Carlos Tevez prosi o pomoc

A Ciacha załamują ręce.   

Gdyby bowiem Argentyńczyk szukał pomocy w poprawianiu swojej szybkości, tudzież wytrzymałości cieszyłybyśmy się wraz ze wszystkimi kibicami Manchesteru City. Sęk jednak w tym, że o takich naukach Tevez raczej nie myśli - w głowie ma bowiem lekcje ... śpiewu . Na nic zdały się więc nasze apele - Argentyńczyk najwyraźniej śpiewać musi (inaczej się udusi?) i zamierza (na szczęście po zakończeniu kariery piłkarskiej) poświęcić muzyce więcej czasu. Zresztą nie próżnuje nawet teraz i wraz z bratem - Diego założył zespół - Piola vago , popełniając coś takiego:

O ile jednak rytmy, musimy przyznać całkiem im się udały, o tyle z wokalem już gorzej.
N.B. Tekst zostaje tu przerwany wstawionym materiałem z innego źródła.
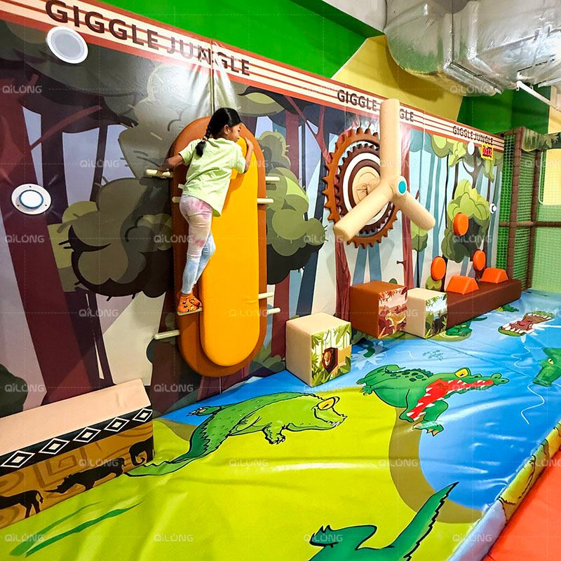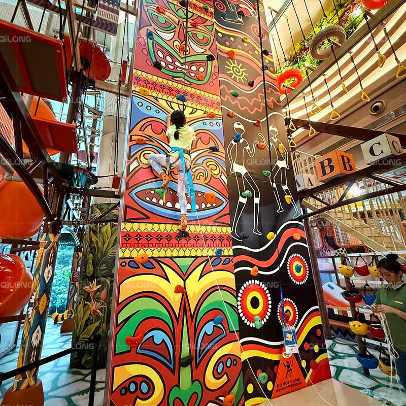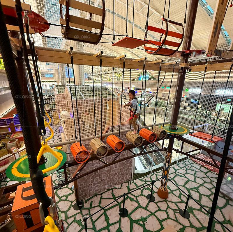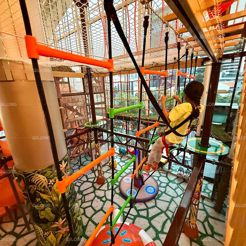 Cada centímetro está diseñado con cuidado: colchonetas suaves amortiguan las volteretas, arneses protegen a los niños que vuelan alto y desafíos adaptados a cada edad fomentan la confianza. Desde los vibrantes tonos de los motivos tribales hasta los exuberantes verdes de las escenas selváticas, la decoración envolvente transporta a los niños a tierras lejanas, convirtiendo el juego en una odisea mágica.
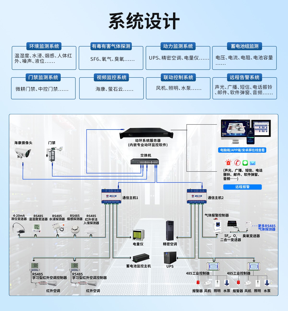 動環監測系統通過智能化監測手段,對機房/檔案館/配電室等場合的動力系統、環境系統、安防系統、門禁系統、視頻系統”進行集中監測及遠程控制。通過長期、穩定、不間斷的運行監測,實現異常情況及時告警、記錄,提前預知事故風險,從而保障監測場合的正常運維,提高管理水平,減少事故發生。
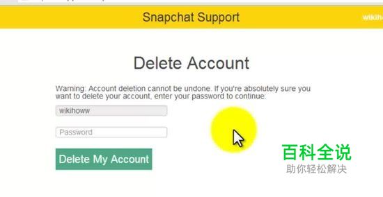 在电脑上访问Snapchat账户删除页面。你只能通过电脑的浏览器删除账户。账户删除页面是隐藏的,你可以前往主页,依次点击主菜单 → 基础信息 → 账户设置 → 删除账户,进入删除界面。 也可以在地址栏中,复制下面的地址:https://support.snapchat.com/delete-account
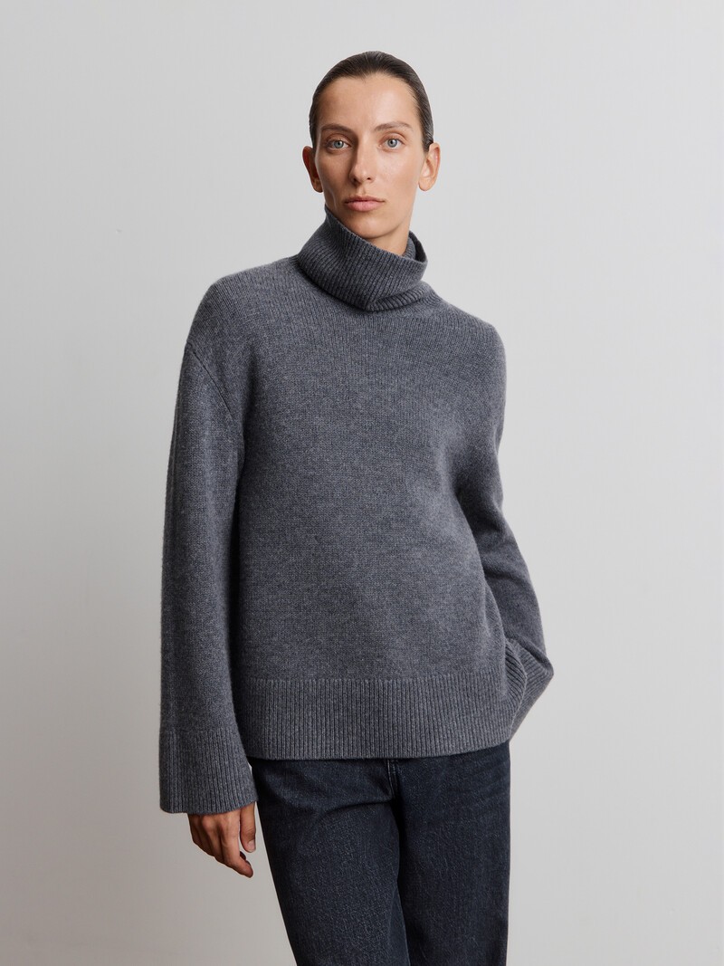 Уютный свитер из мягкой мериносовой шерсти. Объемный, с высоким отложным воротником и широкими планками из резинки. Такой свитер легко вписать в базовые гардероб, плотный, связанный в четыре нити трикотаж позволит носить эту модель весь холодный сезон. При трении о шероховатые поверхности пушистая нить может скатываться. У этого изделия средняя пиллингуемость. При правильном уходе первые пилли могут появиться на нем спустя 4-7 носок. Для удаления пиллей пользуйтесь специальной машинкой.
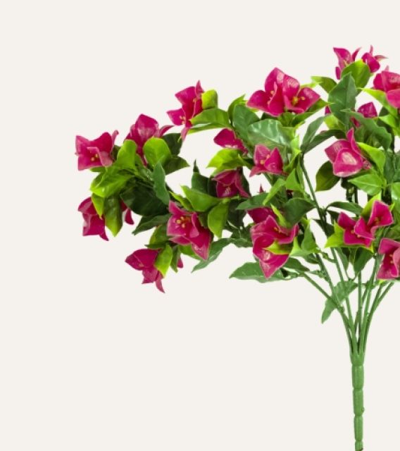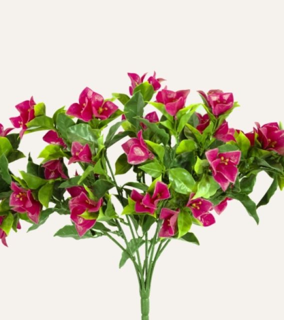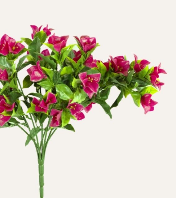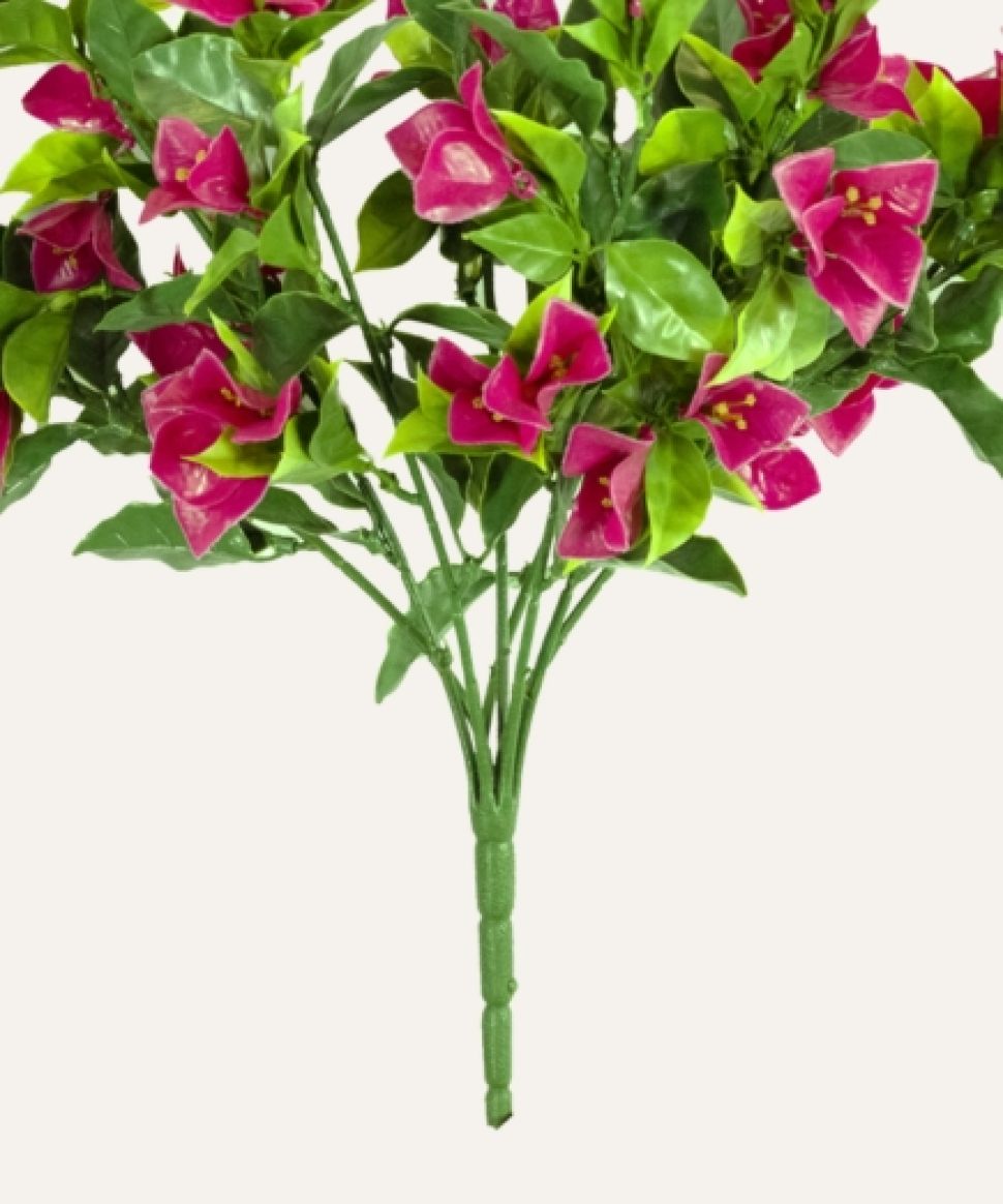El jazmín flor fucsia artificial es un elemento decorativo de gran impacto visual, diseñado para aportar color, frescura y un carácter floral distintivo a espacios profesionales. Su follaje verde combinado con flores fucsia de acabado realista crea una composición vibrante y elegante, ideal para dar personalidad a interiores y exteriores protegidos.
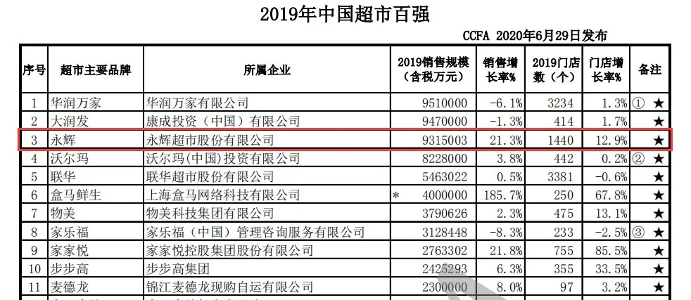 据今年6月29日中国连锁经营协会发布的2019年《中国超市百强》显示,永辉超市以931.5亿的销售额排在百强榜中第3位。

Najwyraźniej świadom swej niedoskonałości jest również Carlos, który na łamach The Sun zwrócił się do liderów Oasis - Noela i Liama - o pomoc. - ''Oni mogliby nauczyć nas kilku rzeczy, a my moglibyśmy nauczyć ich tańca latynoskiego'' - przekonywał Argentyńczyk. Czyżby miał

to

na myśli?

Cóż, póki co nie wiemy jak na taką wymianę zareagowali panowie z Oasis, ale mamy nadzieję, że jako wierni kibice Manchesteru i osoby o wyrobionym zmyśle muzycznym wybiją Carlosowi ów pomysł z głowy - dla dobra futbolu i ludzkości.